How-to: Log Analytics with Solr, Spark, OpenTSDB and Grafana

Categories: Hadoop How-to Search Spark

Organizations analyze logs for a variety of reasons.  Some typical use cases include predicting server failures, analyzing customer behavior, and fighting cybercrime.  However, one of the most overlooked use cases is to help companies write better software.  In this digital age, most companies write applications, be it for its employees or external users.  The cost of faulty software can be severe, ranging from customer churn to a complete firm’s demise, as was the case with Knight Capital in 2012. Delivering high quality applications is a difficult endeavor.  Cloudera understands this, as we contribute to over a dozen projects in the open source community. One of the key differentiators for Cloudera is the high quality of the software that our customers use to solve important real-world problems. Over the years Cloudera has invested heavily into quality of its product platform – Cloudera’s Distribution Including Apache Hadoop (CDH). Recently, to achieve even better quality, we have built a framework for software log collection and analytics.  
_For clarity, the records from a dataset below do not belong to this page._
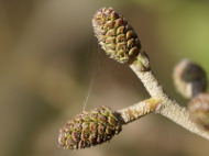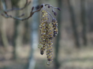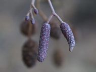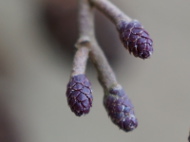 Kwiaty męskie zebrane w kilkucentymetrowe kotki pojawiają się latem, utrzymują się na drzewie przez całą zimę i ostatecznie rozwijają się na wiosnę. Zimą jeszcze nie rozwinięte koloru bordowo – niebieskiego. Wiosną, po rozwinięciu żółto brązowo fioletowe. Umieszczone na zdrewniałej szypułce. |
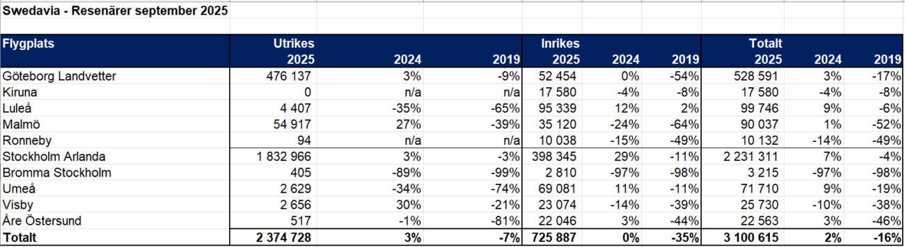 I september reste drygt 3,1 miljoner resenärer via Swedavias tio flygplatser. Det är en ökning med drygt två procent jämfört med september 2024. Utrikesresandet ökade med tre procent medan inrikesresandet ligger på samma nivåer som förra året.
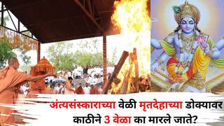 Hindu Religion: जो या पृथ्वीतलावर जन्म घेतो, त्याचा मृत्यूही अटळ आहे. भगवान श्रीकृष्णांनी गीतेत सांगितलेले हे ज्ञान सर्वांनाच माहित आहे. तर गरुडपुराणात म्हटल्याप्रमाणे व्यक्ती हयात असताना तसेच त्याच्या मृत्यूनंतरही त्याला त्याच्या कर्माचे फळ हे भोगावे लागते, म्हणूनच म्हणतात ना, माणसाने नेहमी चांगले कर्म करावे. व्यक्तीचा जेव्हा मृत्यू होतो, तेव्हा त्याच्यावर अंत्यसंस्कार केले जातात. यात अनेक विधी केल्या जातात. पण तुम्हाला माहित आहे का? अंत्यसंस्कार करताना मृतदेहाच्या डोक्यावर तीन वेळा मारले जाते. हिंदू धर्मात तसेच शास्त्रात याबद्दल काय म्हटलंय? असे का करतात? जाणून घेऊया...
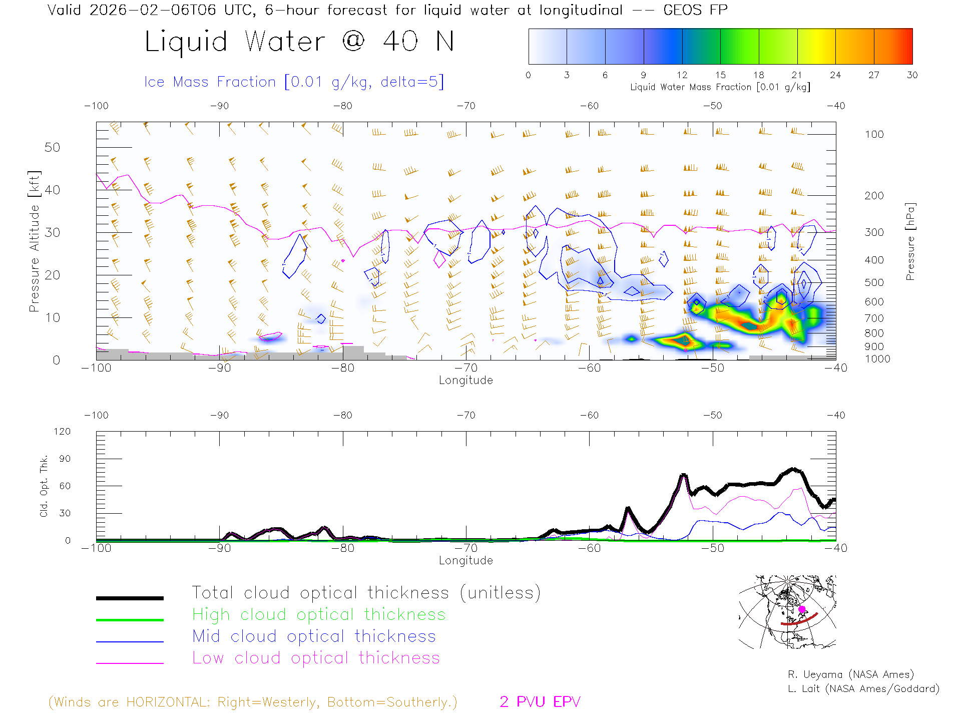 GEOS Forecast Cloud Water Content X-Section (40 N)

In this blog we will show you how we at Cloudera use our own technology stack to improve the quality of the software in the Open Source. The Cloudera Search engineering team developed a framework to analyze and continuously improve Apache Solr quality and performance. All of this is made possible thanks to Cloudera Search, which is Solr and the integration with all other components in CDH, such as Apache HBase, Apache Spark, Apache Kafka, in addition to some other open source tools. This blog outlines the methods and a simplified architecture for analyzing software-generated logs to detect functional- and performance-related issues. The system described in this blog is a batch analytics system analyzing Solr query logs only for simplicity. Stay tuned for future blog posts about real-time analytics system.

This blog is intended for an audience with basic familiarity with the components in CDH.  If you would like a recap you can take a look at our previous blog that describes a simplified Cloudera Search and Apache Kafka architecture.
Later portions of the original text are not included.